Figura 19: Trasfusione fetale nella vena ombelicale. La scansione US (fig 1b da riferimento 142) ottenuta durante il prelievo percutaneo di sangue ombelicale mostra l’ago che attraversa la placenta. La punta dell’ago (freccia grande) è nella vena ombelicale sulla placenta anteriore. Due piccole frecce = asta dell’ago.

Figura 19:

Un’altra importante applicazione delle procedure interventistiche US-guidate in ostetricia è nel trattamento delle gravidanze ectopiche insolite, come le gravidanze cervicali, cornuali o eterotopiche, così come le gravidanze impiantate nelle cicatrici del taglio cesareo. Queste gravidanze ectopiche insolite, che possono essere pericolose per la vita della madre, sono diventate più comuni negli ultimi 2-3 decenni dopo lo sviluppo della fecondazione in vitro e in seguito all’aumento dei tassi di parto cesareo. Queste gravidanze sono anche meno adatte delle gravidanze ectopiche tubariche al trattamento tramite somministrazione intramuscolare di metotrexate. L’imaging US gioca un ruolo chiave nella diagnosi (145,146) e nel trattamento (147) di queste gravidanze. Una volta stabilita la diagnosi, si può procedere all’iniezione guidata dagli US di cloruro di potassio o metotrexato direttamente nel sacco gestazionale situato in modo anomalo. Questo elimina la gravidanza e preserva l’utero per potenziali gravidanze future.

Conclusione

L’imaging US è emerso come la principale modalità di imaging per valutare il paziente ostetrico. Nel corso degli anni, varie modalità di imaging radiologico sono state utilizzate nelle donne in gravidanza, ma nessuna può eguagliare i vantaggi degli USA: una modalità di imaging in tempo reale relativamente a basso costo che non comporta radiazioni ionizzanti. La risonanza magnetica, un’altra modalità di imaging senza radiazioni ionizzanti, è anche utilizzata in alcuni casi per acquisire informazioni sulle anomalie fetali, generalmente per integrare o perfezionare la diagnosi ecografica.

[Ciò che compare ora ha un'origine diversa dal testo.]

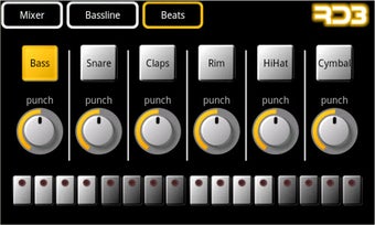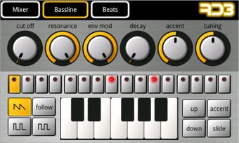 RD3 グルーブボックスのインターフェースは、「伝説の名機」と呼ばれているシンセサイザー「ローランドTB-303」に倣って作られています。TB-330と同様に「Bassline」には6つのツマミが並んでおり、「cut off(音色の明るさ調整)」「resonance(音色を特徴づける)」「env mod(音の鳴り始めから終わりまでの音色に変化を付ける)」「decay(音が消えるまでの時間の長さの調節)」「accent(アクセントの調整)」「tuning(チューニング)」等のフィルター(効果)を加える事ができます。古くからのテクノやハウスミュージックファンには嬉しい仕様の音楽アプリと言えます。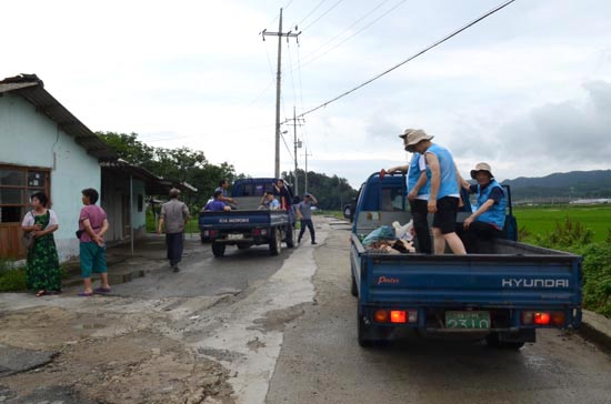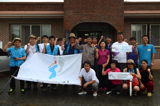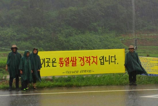 행진 5일차 7일 새벽부터 비가 오락가락하는 가운데 전농과 전남진보연대, 민노총, 진보당 지역지부 등 20여 명이 합류해 오전 농활을 시작했다. 세 팀으로 나눠 한 팀은 마을회관 안팎을 수리, 청소하고 한 팀은 호박밭으로 간다. 우리 팀은 두 군데 ‘통일쌀 경작지’를 둘러보고 홍보 펼침막을 설치했다. 중간 중간 소나기와 폭우가 쏟아져 주변 영산강이 누런 황토물로 흘렀다.

L’imaging ostetrico con gli US non è solo di competenza dei radiologi, ma viene anche eseguito da altri specialisti, in particolare dagli ostetrici. La risonanza magnetica della paziente incinta, invece, è più spesso eseguita da radiologi per indicazioni sia materne che fetali. Poiché la risonanza magnetica è complementare all’ecografia per la valutazione della paziente incinta, è prudente che i radiologi mantengano la loro conoscenza e abilità nell’ecografia ostetrica per essere in grado di fornire la migliore assistenza alla paziente incinta.

La tecnologia statunitense è avanzata rapidamente negli ultimi 3 decenni. Oltre a fornire immagini bidimensionali ad alta risoluzione, gli US possono ora visualizzare immagini 3D realistiche e fornire informazioni sul flusso sanguigno nell’utero, nella placenta, nel cordone ombelicale e nel feto. I progressi continueranno sicuramente in futuro, con il miglioramento e l’evoluzione delle tecnologie dei computer e dei display. Questa modalità di imaging sarà probabilmente in grado di fornire nuovi modi per visualizzare le strutture fetali in dettaglio squisito, permettendo ai medici di fare diagnosi migliori ed eseguire una più ampia varietà di procedure terapeutiche guidate dalle immagini.